A team led by the National Institute of Standards and Technology (NIST) recently compared three of the world’s leading atomic clocks and raised the time accuracy of “seconds” to new heights through the air and fiber links. In a paper published March 25 in the journal Nature, the NIST-led study focused on three clocks based on different atoms and linked the most advanced atomic clocks in different locations in the air for the first time.
“These comparisons define the state of technology based on fiber optics and free-space measurements — they are nearly 10 times more accurate than any clock ever made using different atoms,” says NIST physicist David Hume. The new measurements are challenging because the “ticking” frequencies of the three atoms involved are very different. After all, many network components must operate with extreme precision, and wireless links require cutting-edge laser technology and design.
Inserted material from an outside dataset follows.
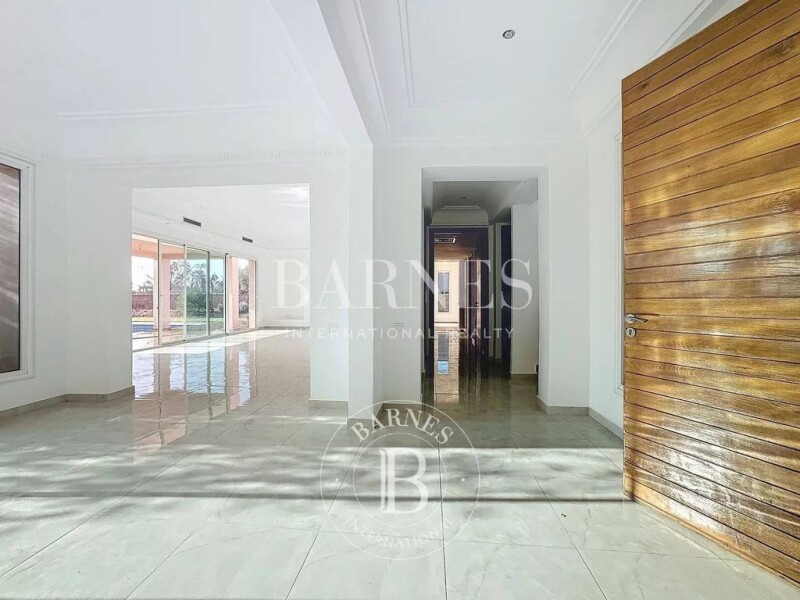 Discover this sumptuous property located in the prestigious Bab Atlas neighborhood, one of the most sought-after addresses in the Palmeraie. With a living area of 650 m², built on one hectare of land, this villa has been designed to offer open and bright spaces. It comprises a large, very bright living room with panoramic views of the garden, a dining room, a fully equipped kitchen, and a garden-level suite. Upstairs, there are three other very spacious suites, each with its own bathroom. The villa is south-facing, offering a breathtaking view of the Atlas Mountains.

An anatomic clock is a clock that takes the vibration of electrons in an atom as a vibrator, wherein the clock with the electron vibration of the light band as the vibrator is called the light clock. The optical lattice clock is a kind of light clock. The accuracy of atomic clocks makes them an excellent tool for timing and other accurate measurements. This is because atoms emit and absorb photons at a specific frequency, a process largely uninterrupted by environmental factors.
NIST researchers have previously detailed how they transmit time signals over an aerial link between the two clocks, NIST and JILA, and found that the process is as useful as a fiber-based approach, 1,000 times more accurate than traditional wireless transmission solutions. This work shows how the best atomic clocks can be synchronized between remote sites on Earth and time signals are transmitted over long distances, even between spacecraft.
The NIST team measured the frequency ratio, the quantitative relationship between the frequencies of three pairs of atoms. The result is the most accurate measurement of three natural constants ever made. The frequency ratio is considered a constant and is used in some international standards and tests of basic physics theory.
The frequency ratio, as an index for evaluating optical atomic clocks, has important advantages. The direct measurement of optical clock frequencies in the usual hertz units (one cycle per second) is limited by the accuracy of the current international standard, the cesium microwave clock. Frequency ratios overcome this limitation because they are not expressed in any units.
Frequency ratios are usually measured over long distances using optical networks, which are small and far away, or in some cases using microwave data transmitted over satellite links, which are often unstable.